UPDATED: Plagiarism at the Daily Beast
Acting on a reader tip, Slate’s Jack Shafer busted the Daily Beast’s Gerald Posner for lifting from the Miami Herald:
Veteran journalist Gerald Posner acknowledged today that he copied five sentences from a Miami Herald article this week for a piece he wrote for the Daily Beast. The Daily Beast appended an editor’s note to the beginning of Posner’s piece today, explaining that the copying was “inadvertent” and that the Daily Beast has deleted the copied passages …
When asked whether what Posner did was plagiarism, Daily Beast Executive Editor Edward Felsenthal didn’t dodge. Reading aloud from the definition of plagiarism on Dictionary.com—”the unauthorized use or close imitation of the language and thoughts of another author and the representation of them as one’s own original work”—he agreed that that’s what Posner did. “Yeah, you’d have to say it’s plagiarism,” he said. “I do believe it was inadvertent.”
Posner, the Daily Beast’s chief investigative reporter, didn’t make any excuses, either. And he made no effort to escape the P-word, which writers caught stealing copy usually do.
Stating that he was “horrified” at what he did, Posner agreed that it constitutes plagiarism. But he couldn’t figure out how he did it.
He said he had no memory of having seen the Herald story, describing himself as “absolutely sure” he did not see it before sending his own story to Beast editors. But that memory must be wrong, he said, because the similarities between the two pieces are too great, and the Herald’s story was posted before he e-mailed his to his editors at 2:03 a.m. on Feb. 2.
Here’s the editor’s note:
Editor’s Note: In an earlier version of this article, five sentences were inadvertently copied from a Miami Herald report without attribution. The Daily Beast has removed the sentences and regrets the error.
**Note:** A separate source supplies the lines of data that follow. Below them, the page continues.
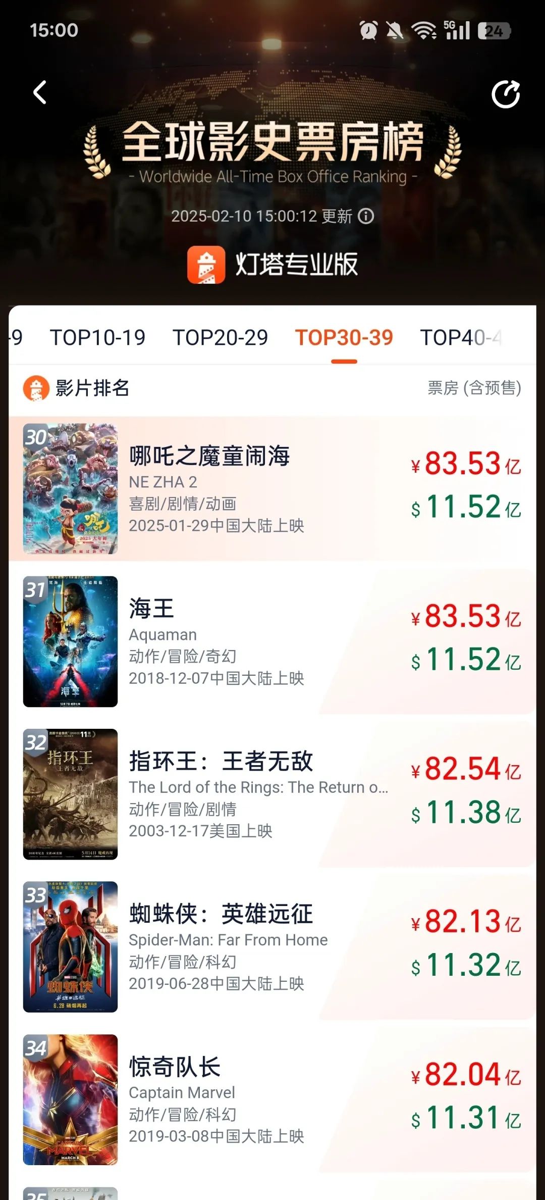 2025年春节档,动画电影《哪吒之魔童闹海》(以下简称《哪吒2》)在五年期待中回归,再度掀起“哪吒热”,成为现象级话题。截至2月10日,《哪吒2》总票房(含预售)突破11.52亿美元,超过《海王》,进入全球影史票房榜前30名,也是票房TOP30影片中唯一非好莱坞影片。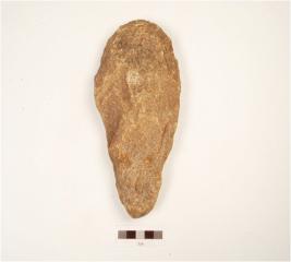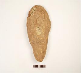 | Description / विवरण | Hand axe with a broad butt on one end and a pointed on other end, flakings visible on both sides, diamond shape cross section, made on nodule. |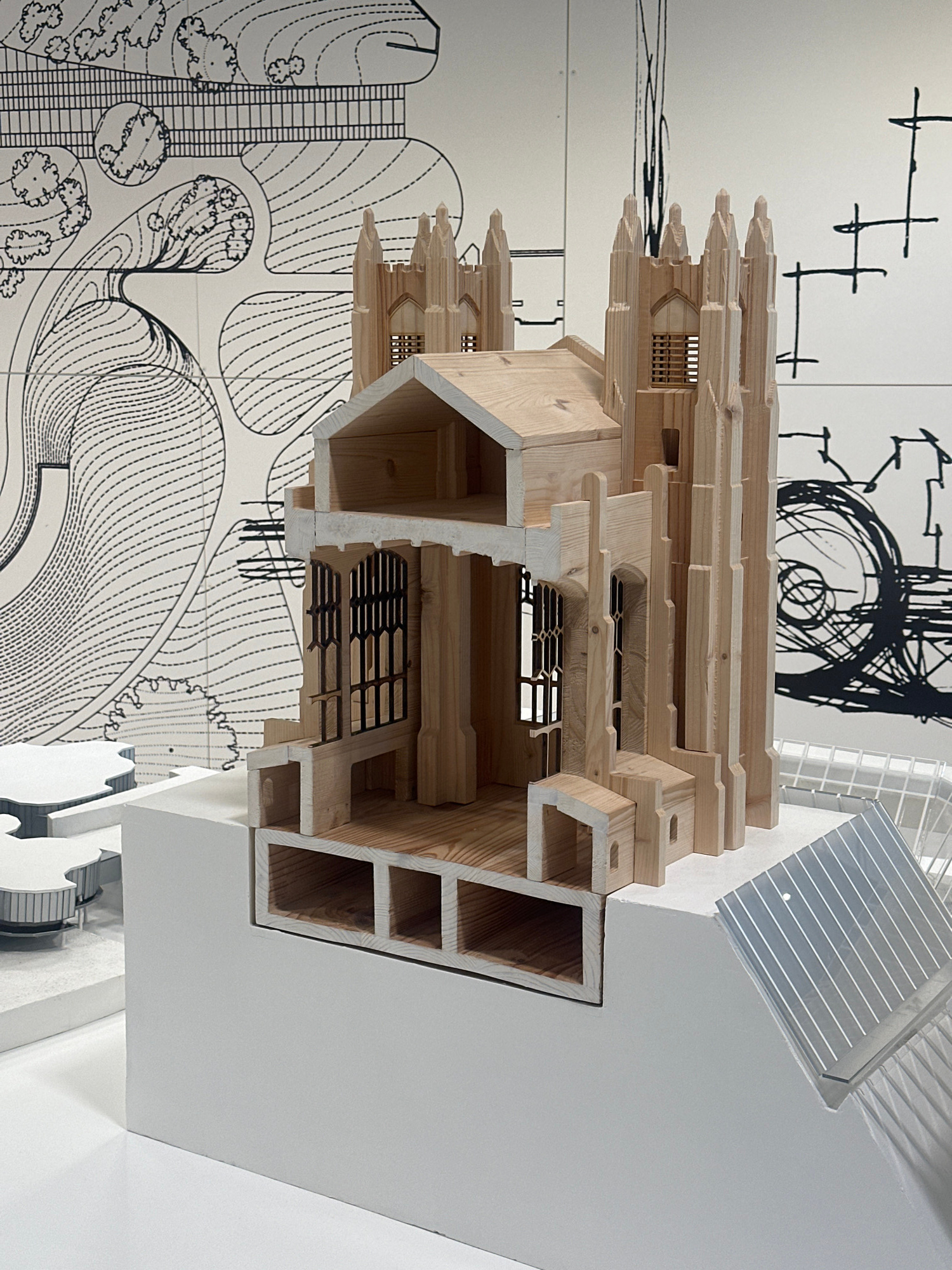 The image depicts a detailed architectural model, likely of a church or cathedral, constructed from light-colored wood. The model showcases intricate layers and structural elements, including windows,…read more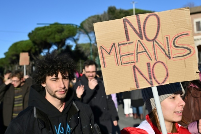 Plakat auf Demonstration gegen Gewalt gegen Frauen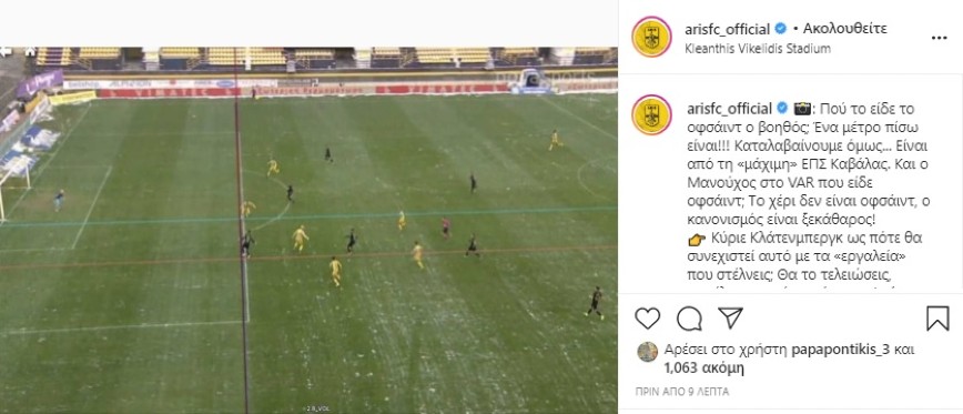 «Πού το είδε το οφσάιντ ο βοηθός; Ένα μέτρο πίσω είναι!!! Καταλαβαίνουμε όμως… Είναι από τη «μάχιμη» ΕΠΣ Καβάλας. Και ο Μανούχος στο VAR που είδε οφσάιντ; Το χέρι δεν είναι οφ σάιντ, ο κανονισμός είναι ξεκάθαρος! Κύριε Κλάτενμπεργκ ως πότε θα συνεχιστεί αυτό με τα «εργαλεία» που στέλνεις; Θα το τελειώσεις, επιτέλους, αυτό το «έργο»; Φτάνει…», ανέφερε το μήνυμα των Θεσσαλονικέων, οι οποίοι το συνόδευσαν και με φωτογραφία από τη φάση που δόθηκε οφσάιντ.

Update Feb. 8: Shafer kept digging and turned up more examples of plagiarism by Posner. As a result, Posner has been suspended from the Daily Beast. From Shafer’s column:
Slate reader Gregory Gelembuik and I have uncovered additional examples of plagiarism by Posner in the Daily Beast from the Texas Lawyer, a Miami Herald blog, a Miami Herald editorial, a Miami Herald article, and a health care journalism blog.
Beast executive editor Edward Felsenthal told Shafer that, “We will be suspending Gerald Posner while we review his articles, to return if we are satisfied that he has taken the necessary steps to avoid this in the future.”
Posner also issued a statement:
… I now realize that a method of compiling information that I have used successfully since 1984 on book research, obviously does not work in a failsafe manner at the warp speed of the net. Some of the incidents raised by Jack Shafer are not plagiarism, but are instances in which I received the same exact prepared quotation or statement from a police officer or press agent as other reporters. But others are mistakes that I deeply regret.
Update Feb. 14: After being informed that the Beast’s internal investigation turned up additional examples of plagiarism, Posner resigned. Here’s part of the statement he issued on his website:
This afternoon I received a call from Edward Felsenthal, the excellent managing editor of The Daily Beast. He informed me that as part of the Beast’s internal investigation, they had uncovered more instances in earlier articles of mine in which there the same problems of apparent plagiarism as the ones originally brought to life last Friday by Shafer. I instantly offered my resignation and Edward accepted.
Posner goes on at length to try and explain/justify his actions and defend his work as a journalist. He blames the demands of writing for the web, among other things. I won’t quote from it because I find his explanations unconvincing. As did Shafer prior to the resignation.